Comparison among graphs is ubiquitous in graph analytics. However, it is a hard task in terms of the expressiveness of the employed similarity measure and the efficiency of its computation. Ideally, graph comparison should be invariant to the order of nodes and the sizes of compared graphs, adaptive to the scale of graph patterns, and scalable. Unfortunately, these properties have not been addressed together. Graph comparisons still rely on direct approaches, graph kernels, or representation-based methods, which are all inefficient and impractical for large graph collections.
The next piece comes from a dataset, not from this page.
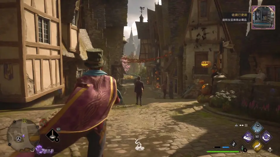 在霍格沃茨城堡之外,除了知名景點霍格莫德村,還有一大片開放世界,和多個新的小村莊。在霍格莫德,你自然能感受到最地道的選魔杖體驗,以及魔法商業區的種種驚喜。各種商店麻雀雖小,但生動呈現了豐富的細節,個別商鋪甚至還有隱藏機關。魔法世界的生活氣息撲面而來,行走其中,彷彿能和第一次來的哈利感同身受。相比之下,開放世界的其他村莊則稍顯同質化,整體風格上並沒有太大的差異化。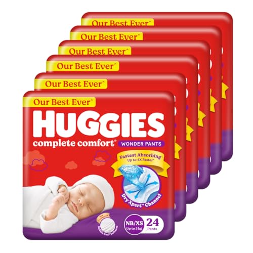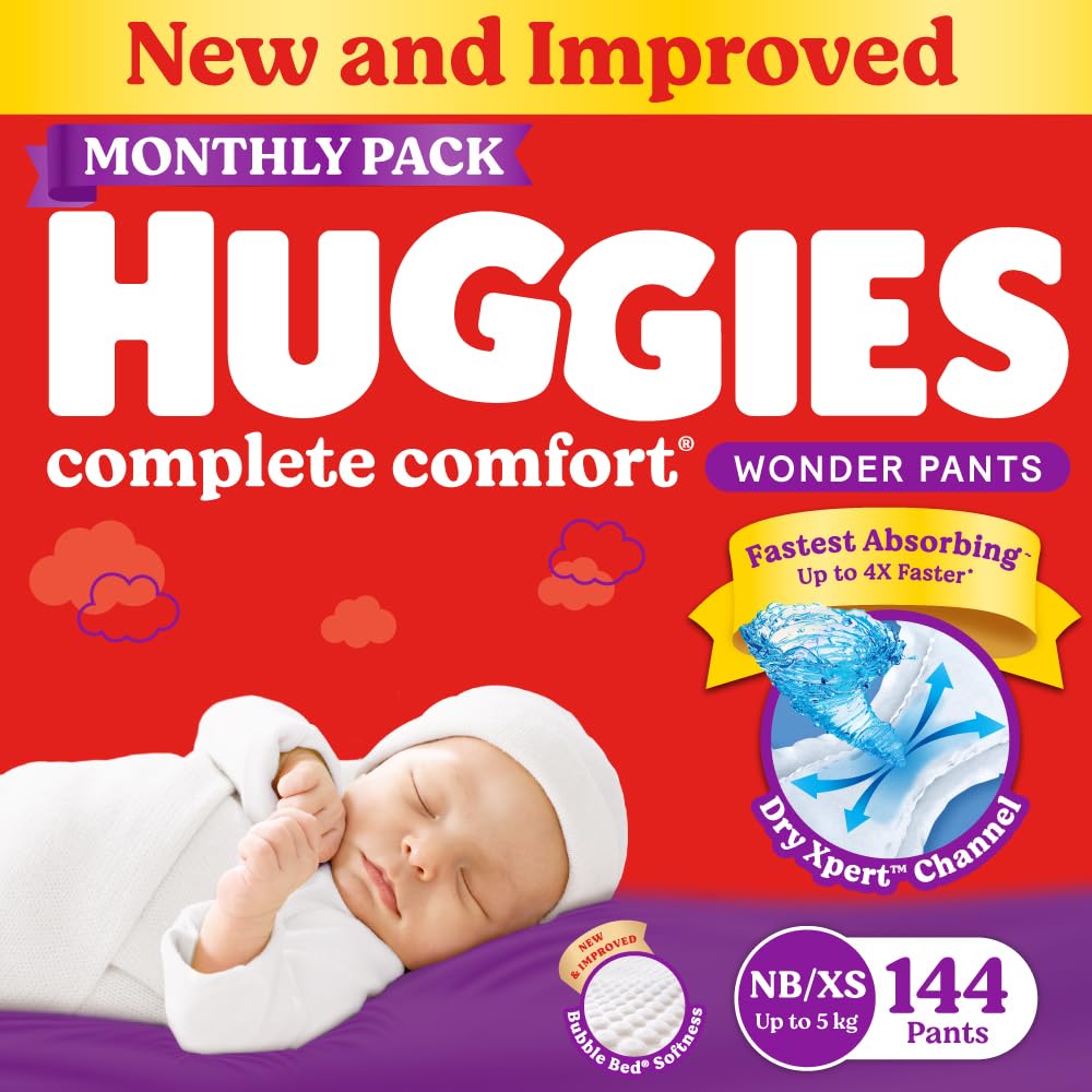 Huggies Complete Comfort Wonder Pants | Pant Style Baby Diapers New Born/XS Size, 144 Count | India's Fastest Absorbing Diaper, Patented Dry Xpert Channel, Ideal for 0-5 Kgs

In this paper, we propose the Network Laplacian Spectral Descriptor (NetLSD): the first, to our knowledge, permutation- and size-invariant, scale-adaptive, and efficiently computable graph representation method that allows for straightforward comparisons of large graphs. NetLSD extracts a compact signature that inherits the formal properties of the Laplacian spectrum, specifically its heat or wave kernel; thus, it hears the shape of a graph. Our evaluation on a variety of real-world graphs demonstrates that it outperforms previous works in both expressiveness and efficiency.
In this paper:
- We take the geometrical perspective for computing the descriptors.
- We show how to compute them fast for million-scale graphs.
- We demonstrate how NetLSD is the only representation that preserves the multi-scale structure of graphs.
- We show that NetLSD lower bounds theoretically powerful metrics.
- We propose novel evaluation tasks (detection of graphs with communities, clustering) for graph representations.
- We provide easy-to-use Python package to compute the signatures with interfaces to popular graph libraries.